» To do
Copy exactly and only the lines running from the one that contains "5. sz. fotó: Csutkabárány készítése" to the final line of the data below, without the pictures.

[Collection entries]
——

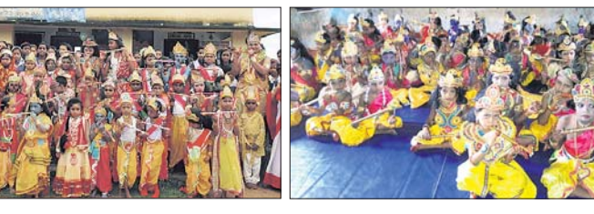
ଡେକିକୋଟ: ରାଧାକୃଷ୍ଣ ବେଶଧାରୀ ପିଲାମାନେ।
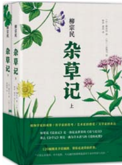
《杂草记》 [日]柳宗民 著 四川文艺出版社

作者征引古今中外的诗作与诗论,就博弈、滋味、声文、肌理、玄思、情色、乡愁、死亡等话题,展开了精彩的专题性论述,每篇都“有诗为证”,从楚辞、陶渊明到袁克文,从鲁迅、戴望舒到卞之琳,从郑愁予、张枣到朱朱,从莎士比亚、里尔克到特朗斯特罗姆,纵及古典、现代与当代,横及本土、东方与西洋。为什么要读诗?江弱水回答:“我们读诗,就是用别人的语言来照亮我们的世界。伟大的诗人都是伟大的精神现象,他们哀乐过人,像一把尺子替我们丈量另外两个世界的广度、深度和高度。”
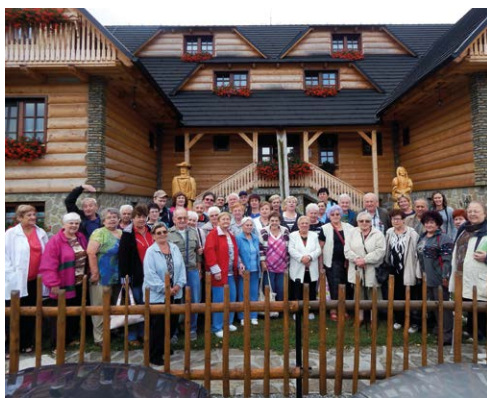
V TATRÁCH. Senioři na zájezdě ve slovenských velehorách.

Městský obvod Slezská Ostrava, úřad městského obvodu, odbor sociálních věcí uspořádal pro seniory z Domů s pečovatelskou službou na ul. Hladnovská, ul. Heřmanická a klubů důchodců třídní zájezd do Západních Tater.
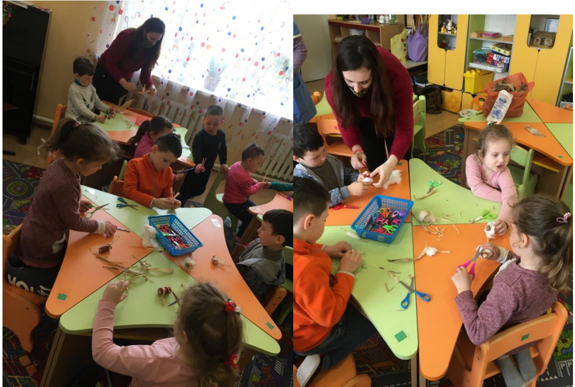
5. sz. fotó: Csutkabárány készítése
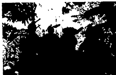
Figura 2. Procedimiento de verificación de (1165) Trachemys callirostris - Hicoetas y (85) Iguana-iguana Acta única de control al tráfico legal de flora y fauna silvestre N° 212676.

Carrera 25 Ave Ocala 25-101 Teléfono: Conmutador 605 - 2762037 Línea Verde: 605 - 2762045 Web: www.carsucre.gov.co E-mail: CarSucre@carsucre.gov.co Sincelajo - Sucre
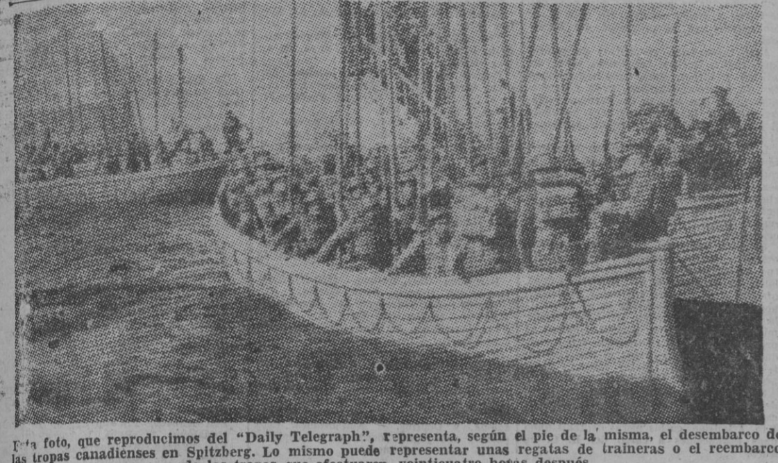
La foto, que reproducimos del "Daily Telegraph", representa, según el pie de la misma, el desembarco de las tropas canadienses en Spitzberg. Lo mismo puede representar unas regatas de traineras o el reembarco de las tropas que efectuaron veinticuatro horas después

——

» Task response
5. sz. fotó: Csutkabárány készítése
Figura 2. Procedimiento de verificación de (1165) Trachemys callirostris - Hicoetas y (85) Iguana-iguana Acta única de control al tráfico legal de flora y fauna silvestre N° 212676.

Carrera 25 Ave Ocala 25-101 Teléfono: Conmutador 605 - 2762037 Línea Verde: 605 - 2762045 Web: www.carsucre.gov.co E-mail: CarSucre@carsucre.gov.co Sincelajo - Sucre
La foto, que reproducimos del "Daily Telegraph", representa, según el pie de la misma, el desembarco de las tropas canadienses en Spitzberg. Lo mismo puede representar unas regatas de traineras o el reembarco de las tropas que efectuaron veinticuatro horas después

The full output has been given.